Half awake, half asleep, I was thinking of tangled tree limbs seen through broken windows. I knew they were waiting to be revealed.
And so in this morning’s quiet I began the process of removing and revealing. There are gentle sounds associated with this studio work. The spray of water from the hose onto outside concrete wetting the paper. A gentle breaking of the surface of the vinegar- soap solution with the dipping of my cloth. And the rhythmic rubbing. Rubbing. Peeling away the paper to reveal the image on the muslin below.
Discovering the images as they emerge is itself a new way of seeing. Before I transferred, the paper copy was a mirror image of what will finally be revealed. Rubbing away the paper film is a discovering of the shapes that interested me from the onset, but now reversed, patterned in a new way.
As I rubbed, discovered, revealed I remembered the experience of shooting the photographs. We were in rural South Carolina, and an abandoned, roofless, vine-filled house was waiting for me. The walk to the house was through a thick bed of pine needles. Wind whispered in the pine trees. The photos I recorded capture that feeling of stillness and loss.
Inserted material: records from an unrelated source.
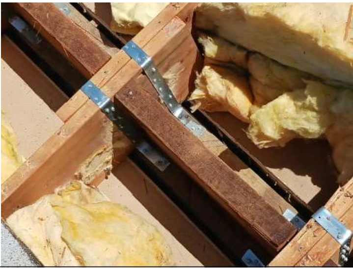
Roof To Wall Connection
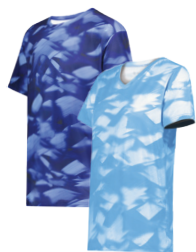
COORDINATING TEES 222596 | 222696 | 222796
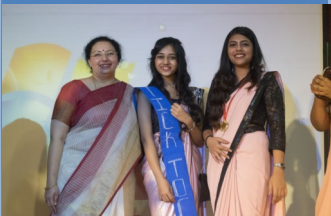
The beautiful damsels posing after winning the titles.
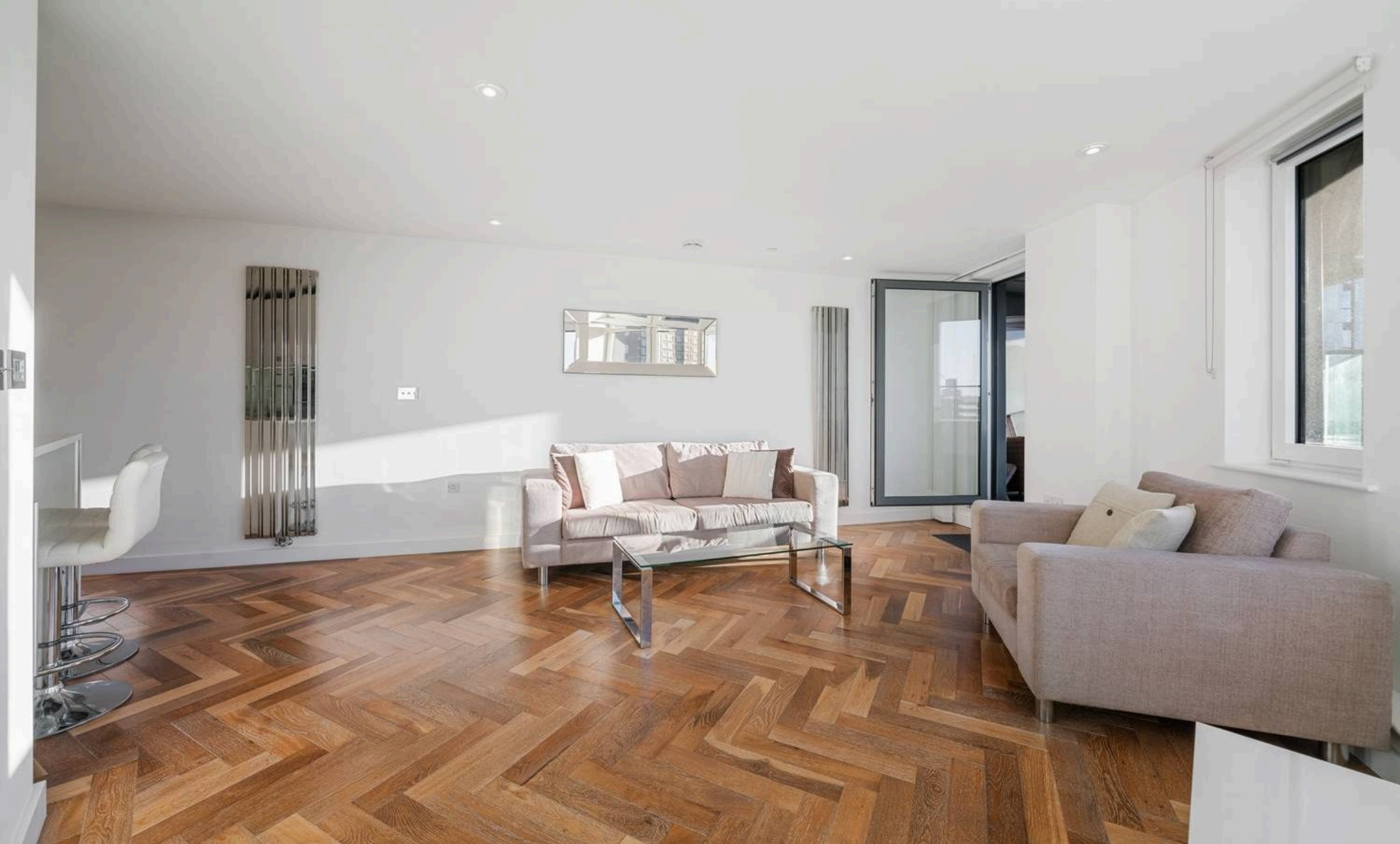
Flat 73, Eagle Point City Road, London London
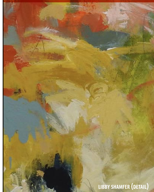
LIBBY SHAMFER (DETAIL)
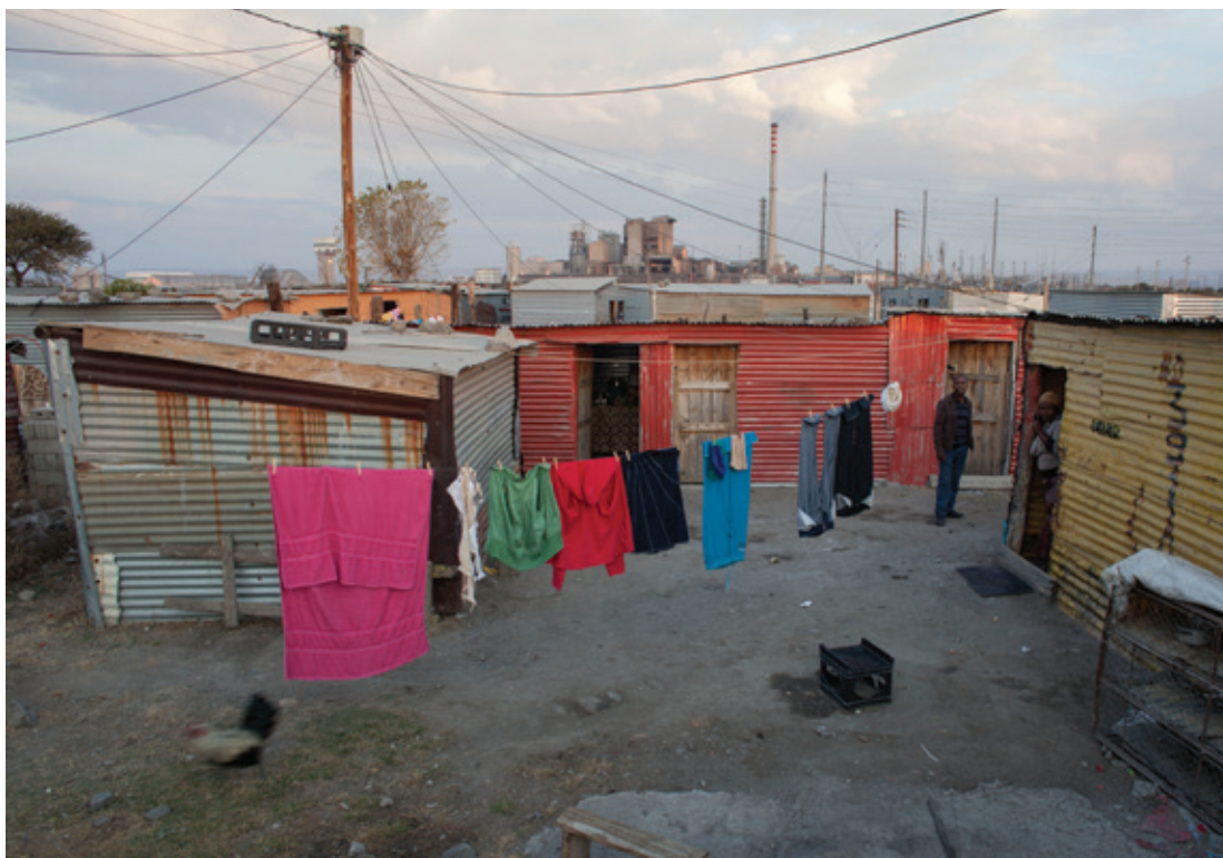
Nkaneng informal settlement near Lonmin’s Roland mine shaft.

In interrogating the issue of the housing available for mine workers at Marikana the Farlam Commission stated:
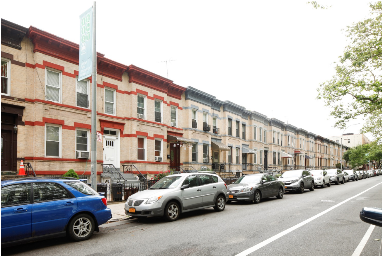
Figure 1 Portion of the row at 614 to 682 44th Street (William E. Kay, 1903) LPC, 2019
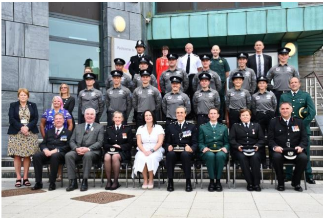
The 2021 TSSO Cohort pass out photo

Last year an adjournment debate was held in Parliament to promote the role.
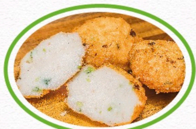
香茜墨魚餅 Fried Squid Cake £6.10
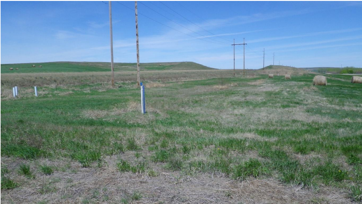
Figure 2: View to the north over central APE, located in the disturbed old road bed (Image 486).
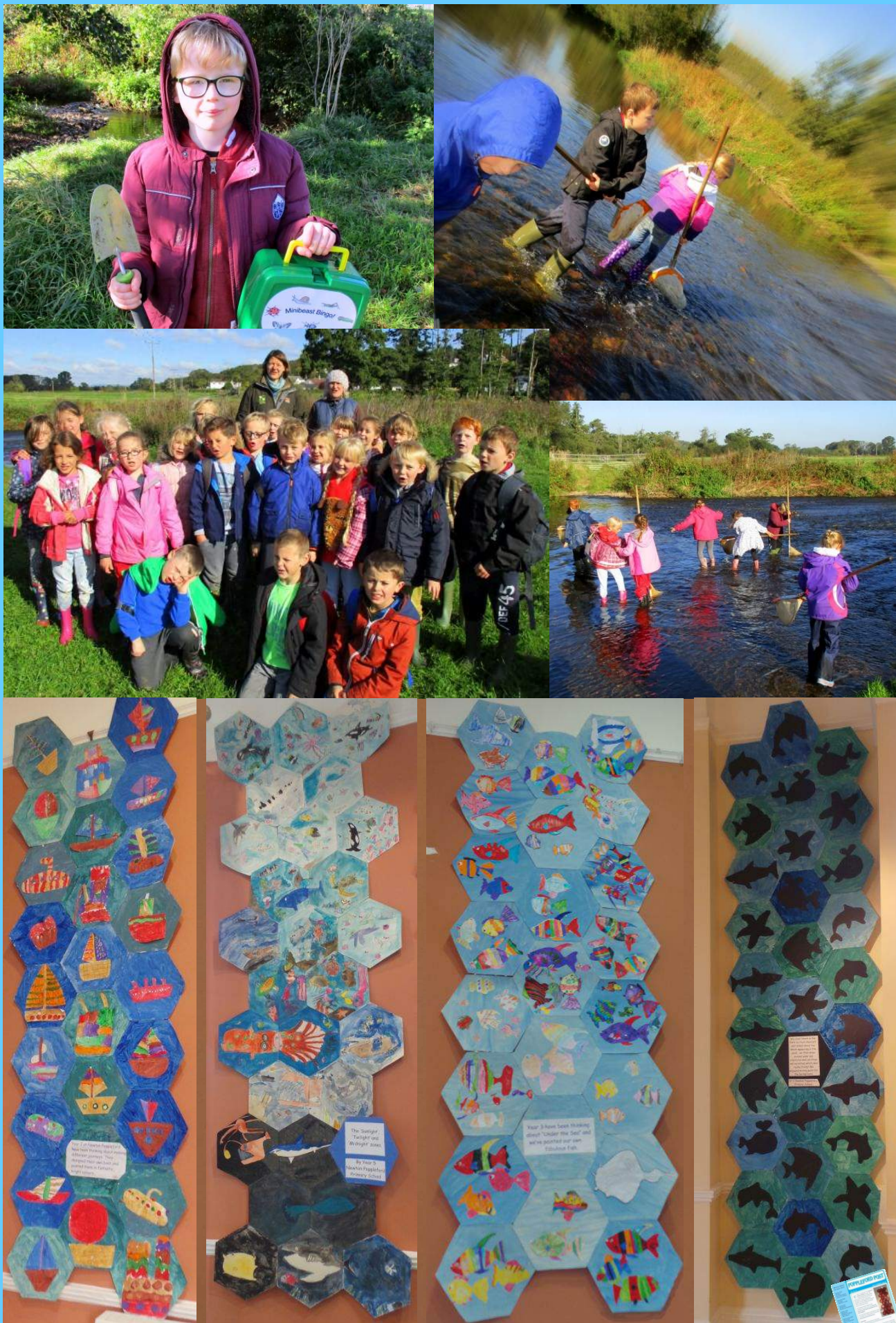
Some of our Hexagon entries in the Sidmouth Science Festival

Year 3 spent the morning in the River Otter with the East Devon River Ranger*
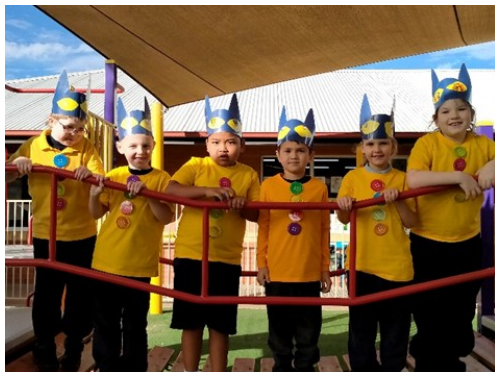
Room 1 students got dressed up as Pete the Cat for our performance of Pete's Groovy Buttons song during our end of term talent show.
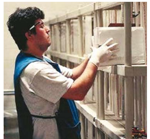
Checking the quality during the drying process.

Who lived there? How did the house become abandoned? How long has it been decomposing? Does anyone visit this place? What memories might it hold?
Once the images are assembled as part of a large quilted work, I want the composition to invite the viewer in by conjuring up questions. The questions will become another layer. Memory layer. Captured photo layer. Composed layer. Fabric layer. Dream layer. All held within the tangled tree limbs and broken windows.